In the Clarity project, both types of metrics are of interest. Intrusive metrics will be more accurate in many cases. However, there are hearing aid processes where the speech content is shifted in frequency, which will defeat most current intrusive speech intelligibility metrics. We also hypothesise that there might be issues with intrusive metrics and machine learning approaches in hearing aids that revoice the original speech.

What speech intelligibility models already exist and what are they used for?

There aren't many speech intelligibility models that consider hearing impairment, but one that does is HASPI by Kates and Arehart. In this seminar from the first Clarity workshop, James Kates discusses speech intelligibility models with a focus on the ones he has developed. He also discusses the speech quality metric HASQI. If you're interested in using HASPI or HASQI for the challenge, James Kates has kindly made the MATLAB code and user guide available for download.

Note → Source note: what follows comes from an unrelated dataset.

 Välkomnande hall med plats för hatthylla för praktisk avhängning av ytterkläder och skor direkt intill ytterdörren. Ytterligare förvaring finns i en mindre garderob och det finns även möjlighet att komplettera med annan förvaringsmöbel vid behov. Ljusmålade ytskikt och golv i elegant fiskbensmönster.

Click arrow to see synopsis.

Signal degradations, such as additive noise and nonlinear distortion, can reduce the intelligibility and quality of a speech signal. Predicting intelligibility and quality for hearing aids is especially difficult since these devices may contain intentional nonlinear distortion designed to make speech more audible to a hearing-impaired listener. This speech processing often takes the form of time-varying multichannel gain adjustments. Intelligibility and quality metrics used for hearing aids and hearing-impaired listeners must therefore consider the trade-offs between audibility and distortion introduced by hearing-aid speech envelope modifications. This presentation uses the Hearing Aid Speech Perception Index (HASPI) and the Hearing Aid Speech Quality Index (HASQI) to predict intelligibility and quality, respectively. These indices incorporate a model of the auditory periphery that can be adjusted to reflect hearing loss. They have been trained on intelligibility scores and quality ratings from both normal-hearing and hearing-impaired listeners for a wide variety of signal and processing conditions. The basics of the metrics are explained, and the metrics are then used to analyse the effects of additive noise on speech, to evaluate noise suppression algorithms, and to measure differences among commercial hearing aids.

Hearing Loss

There are many types of hearing loss, but the focus of the Clarity project is the hearing loss that happens with ageing. This is a form of sensorineural hearing loss.

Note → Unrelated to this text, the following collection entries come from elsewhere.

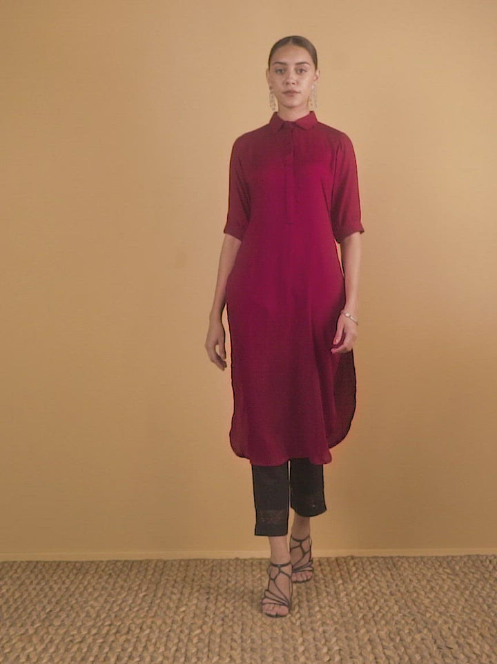 Our maroon collared kurta, crafted in rayon fabric, features half sleeves and curved hemline. Adorned with geometric woven design, this elegant style is perfect for work and beyond.
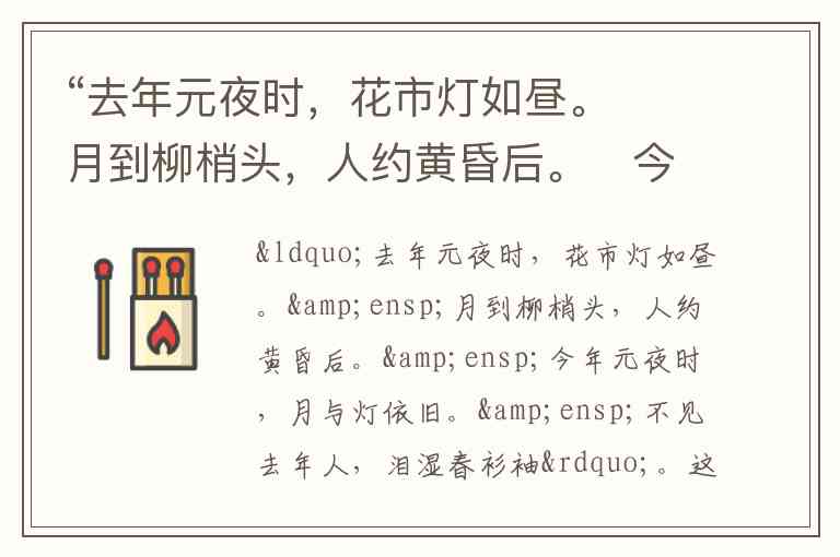 “去年元夜时,花市灯如昼。 月到柳梢头,人约黄昏后。 今年元夜时,月与灯依旧。 不见去年人,泪湿春衫袖”。这首诗写的是()。 A. 元宵节 B. 七夕节 C. 重阳节 D. 除夕
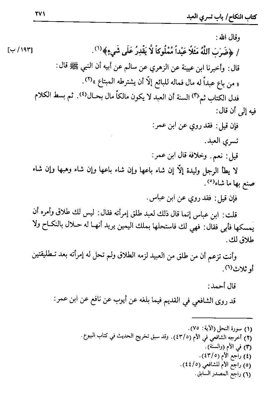 فدل الكتاب ثم السنة أن العبد لا يكون مالكاً مال بحال . ثم بسط الكلام فيه إلى أن قال فإن قيل : فقد روي عن ابن عمر تسري العبد.
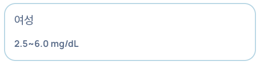 - 정상 수치: 남성 3.5~7.0 mg/dL, 여성 2.5~6.0 mg/dL

How does hearing loss affect the perception of audio signals, and how do modern hearing aids process sound to help with this?

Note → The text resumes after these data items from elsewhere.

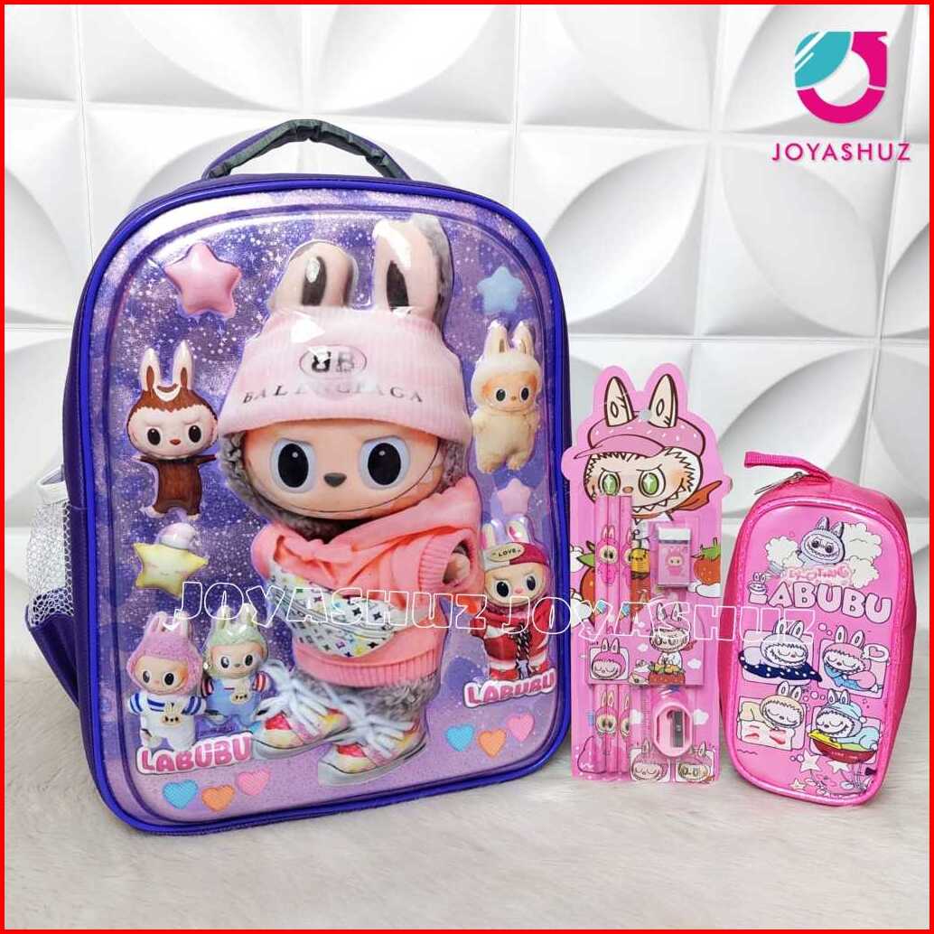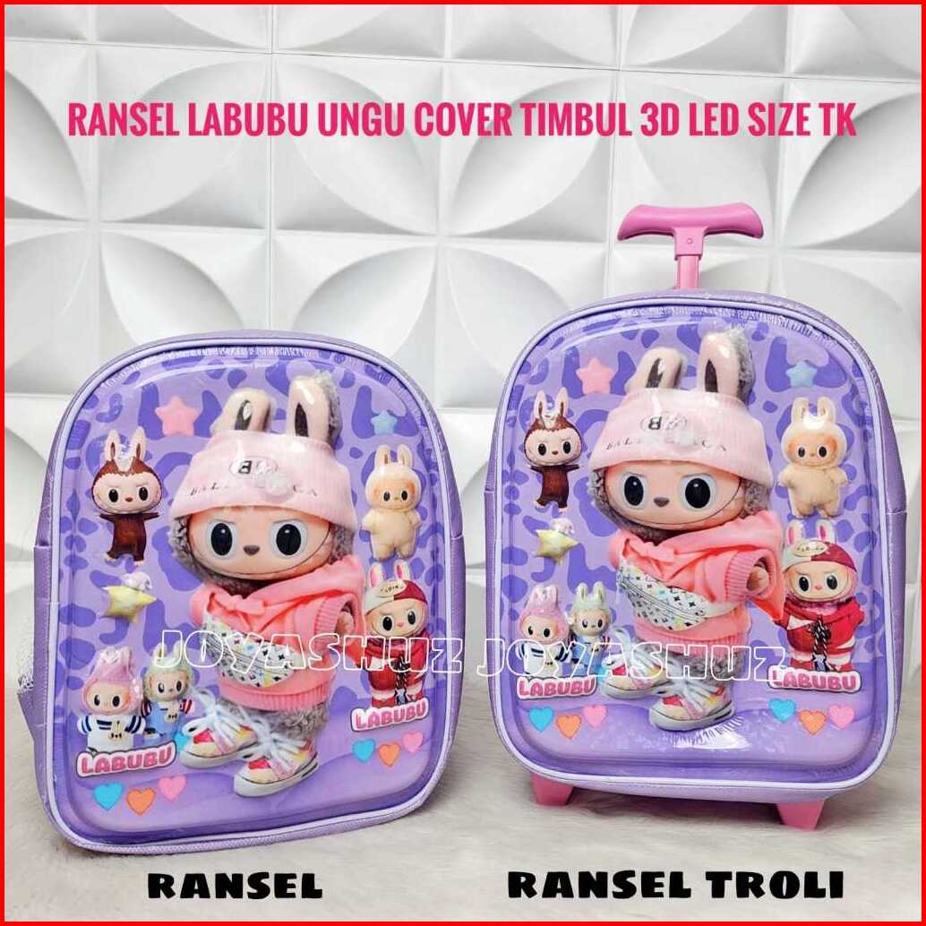 Tas Labubu Troli Anak Tk Gambar 3d Timbul Led Nyala - Tas Sekolah Anak Perempuan Sd - Tas Dorong Labubu Fashion - Tas Tr
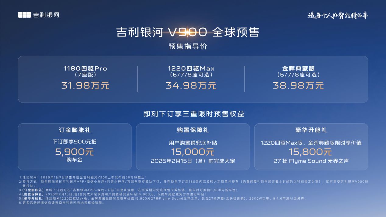 1月7日,吉利银河旗下V系列的首发之作,“AI全场景家庭旗舰MPV”——吉利银河V900正式开启预售,共计3个版本,预售指导价格区间为31.98万元~38.98万元。新车围绕中国大家庭出行的真实需求,以宽奢空间、豪华驾控、全维安全、AI智能几大全能满配实力,重新定义豪华旗舰MPV价值标准,树立AI全场景豪华出行新高度。
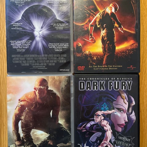 To DVD-filmer med Vin Diesel: Riddick (Director's Cut) og Pitch Black. Begge filmer er science fiction og action, med fokus på karakteren Riddick. DVD-ene inneholder original versjon og ekstra materiale.

In this seminar from the first Clarity workshop, Karolina Smeds from ORCA Europe and WS Audiology discusses the effects of hearing loss and the hearing aid processing strategies that are typically used to counter the sensory deficits.

Click arrow to see synopsis.

Hearing loss leads to several unwanted effects. Loss of audibility for soft sounds is one effect, but also when amplification is used to create audibility for soft sounds, many suprathreshold deficits remain. The most common type of hearing loss is a cochlear hearing loss, where haircells or nerve synapses in the cochlea are damaged. Ageing and noise exposure are the most common causes of cochlear hearing loss. This type of hearing loss is associated with atypical loudness perception and difficulties in noisy situations. Background noise masks for instance speech to a higher degree than for a person with healthy hair cells. This explains why listening to speech-in-noise (SPIN) is such an important topic to work on. A brief introduction to signal processing in hearing aids will be presented. With the use of frequency-specific amplification and compression (automatic gain control, AGC), hearing aids are usually doing a good job in compensating for reduced audibility and for atypical suprathreshold loudness perception. However, it is more difficult to compensate for the increased masking effect. Some examples of strategies will be presented. Finally, natural conversations in noise will be discussed. The balance between being able to have a conversation with a specific communication partner in a group of people and being able to switch attention if someone else starts to talk will be touched upon.